Preparation and concentration performance of SAPs with ionic network

Volume reduction of CCM is necessary for the large-scale isolation of EVs. SAPs can concentrate CCM by ionic osmotic pressure-driven water absorption [20]. Water absorption efficiency of SAPs is influenced by the size of water channels formed by ion networks, which in turn is affected by salt and pH. In this study, SAPs with gradient crosslinking degrees and two monomers were prepared to optimize water absorption (Scheme 1, Table S1). The SAPs were categorized into low (SAP-0.25, SAP-0.5, and SAP-0.75), medium (SAP-1, SAP-2, and SAP-5), and high (SAP-10, SAP-15, and SAP-20) crosslinked groups based on their different crosslinking degrees. The adsorption behavior of SAPs was investigated by assessing their water volume reduction properties.
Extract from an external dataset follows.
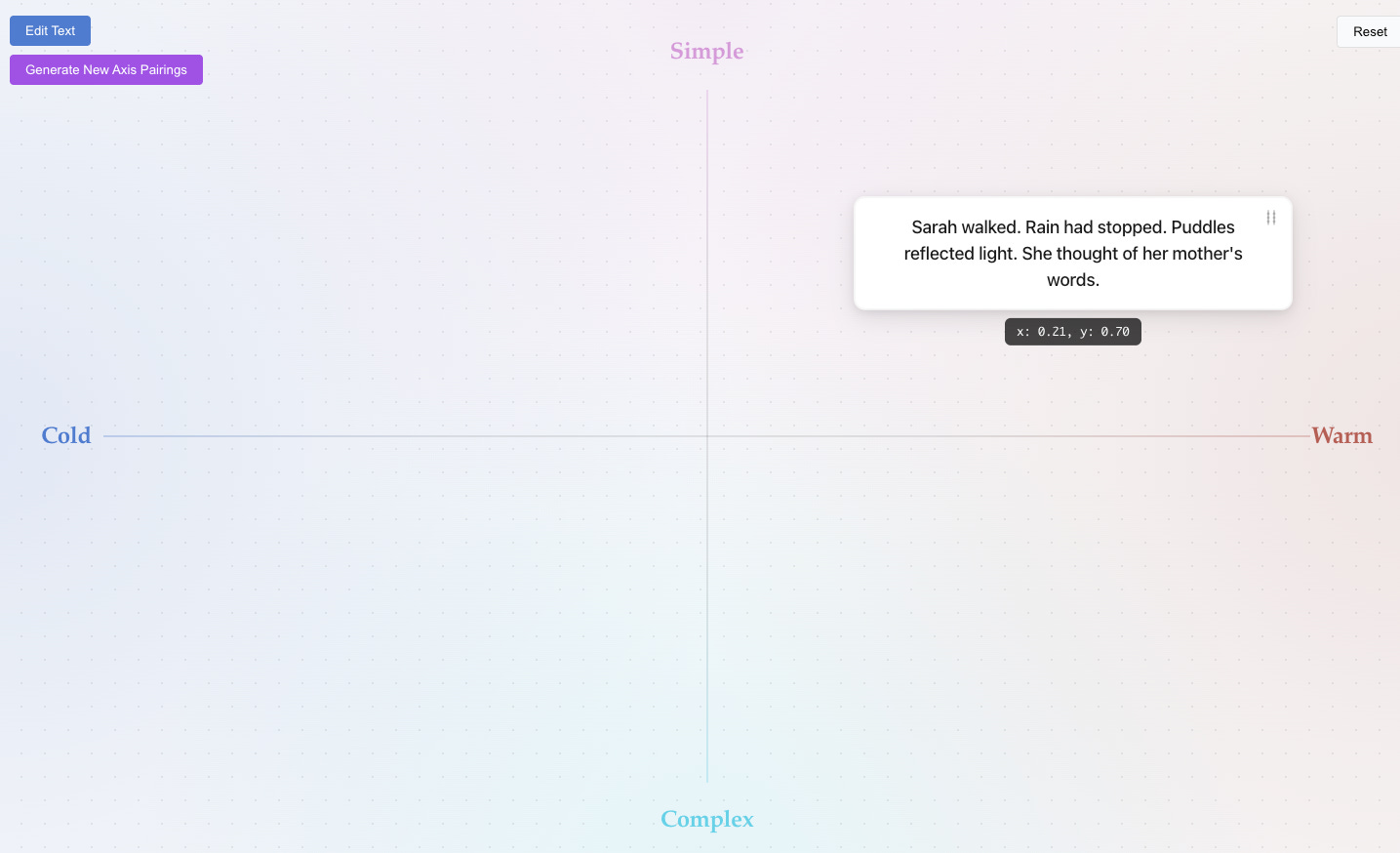 Mathurah demoed Figma for words, a spatial canvas that transforms a sentence across an axis to adjust tone, complexity, and emotional resonance

The water volume decreased with increasing incubation time and reached a minimum after 180 min for different crosslinking degrees (Fig. 1A). For example, using 10 mg/mL of SAP-0.75, the average water absorption rate was 34.07 µL/min in the first 180 min, and between 180 and 420 min, it slowed to 6.53 µL/min reduced to 38.67% under these conditions. The saturation water absorption capacity of SAP-0.75 was 13.62 times that of the commercial SAPs [20]. As shown in Fig. 1B, the water absorption capacity of SAPs decreased significantly with increasing crosslinking degrees, where low crosslinked SAPs exhibited the highest adsorption capacity.

Scheme 1

Schematic for an ion osmolarity-driven sequential concentration-enrichment strategy (IOSCE)

Fig. 1

Characterization of superabsorbent polymers (SAPs) for concentrating extracellular vesicles (EVs) by using ionic network. A Water absorption and volume reduction curves of SAPs with different crosslinking degrees over time. B Water absorption capacity of different crosslinking degree SAPs. C pH-dependent water absorption and volume reduction profiles of SAPs for 180 min; D Ionic strength-dependent water absorption and volume reduction profiles of SAPs for 180 min; E Concentration capacity of SAPs in mesenchymal stem cell-derived extracellular vesicles (MSC-EVs) standard solution for 180 min. F Yield of MSC-EVs concentrated by using SAPs for 180 min

Previous studies have established that the water absorption capacity of SAPs is influenced by pH and ionic strength [20]. In this study, the pH and salt resistance of SAPs were enhanced by incorporating isopropylacrylamide into their ionic networks to copolymerize with acrylic acid (Figure S1). The swelling degree of SAPs was indeed affected by both pH and ionic strength (Fig. 1C and D). In general, low crosslinked SAPs exhibited better water absorption compared to those with medium/high crosslinking degrees. To achieve better absorption, using higher concentrations of SAPs is effective. As demonstrated in Figure S2 and S3, taking SAP-0.75 as an example, when 40 mg/mL of SAPs is utilized, the volume of a 300 mM NaCl solution still decreases to 38.83%. Additionally, for solutions with varying pH levels, over 85.67% of the solution is absorbed. These observations suggest that SAPs are efficient at absorbing water molecules, and their absorption capacity can be modulated by adjusting the degree of crosslinking, the incubation time or the concentration of SAPs. Based on these results, low crosslinked SAPs emerged as the most effective for pre-concentrating CCM before the isolation of EVs.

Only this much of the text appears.